I am so bored... any ideas to lessen the boredom? 
I am unemployed for a month now. Good thing I manage to get my parents for a month visit. I wanted to go out tonight but they want to stay home...

I wanted to go out and drive but I am afraid to use the car that I just rented.
I am so clueless what to do... Browsing facebook and the net is isn't fun at all...


----------



## dizzyizzy (Mar 30, 2008)

Go to the gym!!


----------



## wandabug (Apr 22, 2010)

Go out and drive the car, you'll be fine. Do not keep putting it off -you will feel so good afterwards that you did it.


----------



## emdark (May 4, 2010)

Start Playing a massive multiplayer online game.


----------



## this_ae (Feb 9, 2011)

Read the book or see DVD..


----------



## DubaiATC (Jun 26, 2010)

Go return that piece of junk car you rented and get something reliable . . .


----------



## RedMac (Jul 25, 2009)

Hassli said:


> Hi all,
> 
> I am so bored... any ideas to lessen the boredom?
> I am unemployed for a month now. Good thing I manage to get my parents for a month visit. I wanted to go out tonight but they want to stay home...
> ...


go out now and get a road-map of UAE tonight, tomorrow the roads will be very quiet,
not sure where you live but take the emirates road towards RAK and just drive for an hour or so, stop have lunch and return.By then you should be confident in the car. Bring your parents along nothing like a bit of unrequested advice fro Mom and Pop to relieve boredom.
YOU MAY FEEL LIKE A BEER AFTER THIS BUT THAT'S NOT A BAD THING.


----------



## Felixtoo2 (Jan 16, 2009)

Play on line poker, get legless and put everything that you planned to do today off until tomorrow. That way at least tomorrow you`ll have loads to do, i`ve been doing that for years and boredom certainly isn`t an issue lol!!


----------



## Maz25 (Jul 6, 2008)

1. Go for drive - Jebel Hafeet is far enough and also a nice place, so that would pretty much take the whole day. If you go close to sunset, the sunset is simply amazing (though it can be a bit crowded at that time).

2. Go to the mall & just walk around - that in itself, will take the whole day!

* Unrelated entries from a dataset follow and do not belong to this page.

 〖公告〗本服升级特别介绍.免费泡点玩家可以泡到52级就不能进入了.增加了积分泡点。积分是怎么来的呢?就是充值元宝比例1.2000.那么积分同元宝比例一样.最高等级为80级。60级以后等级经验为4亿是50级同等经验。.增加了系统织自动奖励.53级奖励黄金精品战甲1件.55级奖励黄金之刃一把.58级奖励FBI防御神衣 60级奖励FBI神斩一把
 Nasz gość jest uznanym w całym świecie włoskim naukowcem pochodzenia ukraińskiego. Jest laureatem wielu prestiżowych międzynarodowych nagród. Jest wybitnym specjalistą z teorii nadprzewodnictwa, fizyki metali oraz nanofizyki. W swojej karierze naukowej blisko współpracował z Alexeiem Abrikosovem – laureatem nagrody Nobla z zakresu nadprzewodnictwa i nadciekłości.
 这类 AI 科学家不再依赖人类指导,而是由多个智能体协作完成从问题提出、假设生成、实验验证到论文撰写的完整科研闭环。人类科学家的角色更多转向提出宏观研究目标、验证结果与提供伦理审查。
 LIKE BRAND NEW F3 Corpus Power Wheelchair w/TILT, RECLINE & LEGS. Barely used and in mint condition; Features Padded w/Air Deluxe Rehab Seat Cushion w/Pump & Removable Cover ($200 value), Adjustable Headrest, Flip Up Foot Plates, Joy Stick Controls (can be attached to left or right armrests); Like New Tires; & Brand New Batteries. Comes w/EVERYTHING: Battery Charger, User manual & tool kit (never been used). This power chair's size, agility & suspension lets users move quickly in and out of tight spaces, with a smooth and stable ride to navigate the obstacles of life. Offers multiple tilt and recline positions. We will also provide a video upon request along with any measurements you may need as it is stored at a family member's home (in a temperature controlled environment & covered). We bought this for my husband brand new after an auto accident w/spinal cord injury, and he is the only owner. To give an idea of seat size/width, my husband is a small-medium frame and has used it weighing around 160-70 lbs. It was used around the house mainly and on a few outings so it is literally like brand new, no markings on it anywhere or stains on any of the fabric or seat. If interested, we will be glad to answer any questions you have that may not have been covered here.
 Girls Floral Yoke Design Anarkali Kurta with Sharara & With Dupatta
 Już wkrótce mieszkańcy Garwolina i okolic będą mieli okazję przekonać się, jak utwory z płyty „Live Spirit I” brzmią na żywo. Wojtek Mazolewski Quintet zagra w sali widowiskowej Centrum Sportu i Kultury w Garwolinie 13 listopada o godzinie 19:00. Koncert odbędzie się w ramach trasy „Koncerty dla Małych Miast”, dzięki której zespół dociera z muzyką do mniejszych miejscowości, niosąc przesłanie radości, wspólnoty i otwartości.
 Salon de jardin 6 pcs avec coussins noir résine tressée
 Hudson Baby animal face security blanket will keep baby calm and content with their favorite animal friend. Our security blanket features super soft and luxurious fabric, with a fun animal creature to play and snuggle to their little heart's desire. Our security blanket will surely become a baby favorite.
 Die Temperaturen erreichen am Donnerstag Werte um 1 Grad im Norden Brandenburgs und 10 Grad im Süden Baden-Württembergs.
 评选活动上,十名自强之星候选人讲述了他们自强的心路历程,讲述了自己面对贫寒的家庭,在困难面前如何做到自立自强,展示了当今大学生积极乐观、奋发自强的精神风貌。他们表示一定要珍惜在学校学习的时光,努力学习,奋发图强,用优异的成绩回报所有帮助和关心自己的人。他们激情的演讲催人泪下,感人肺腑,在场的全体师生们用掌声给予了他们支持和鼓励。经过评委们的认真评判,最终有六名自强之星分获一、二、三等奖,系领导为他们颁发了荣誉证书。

3. Go to Safa Park, Marina Walk, Downtown, JBR Walk, etc and just walk around. The weather is really pleasant at the moment, so you could enjoy nice leisurely walks.

4. Go to the beach

5. Visit friends or take your parents on a tour of Old Dubai.


----------



## Hassli (Feb 7, 2011)

Thanks for all the reply.

I did go outside... Drive till I reach the Atlantis and had Mc do... It was a relief and I really feel good afterwards…
Now, planning for tomorrow joyride with my parents to Fujairah and Jabel Hafeet the next day...
Gym, I love this idea… better to start to loss some baby fats… lol
Online game… hmmm... let me see, I am not an online gamer and don't know how to play poker too 
Book, yup, I have GMAT reviewer to start next week for my exam this coming March… 
Sad, I am not allowed to have some Beer or any alcoholic drinks…

Good thing the weather is really pleasant... 



Thanks a lot... I feel better now ...


----------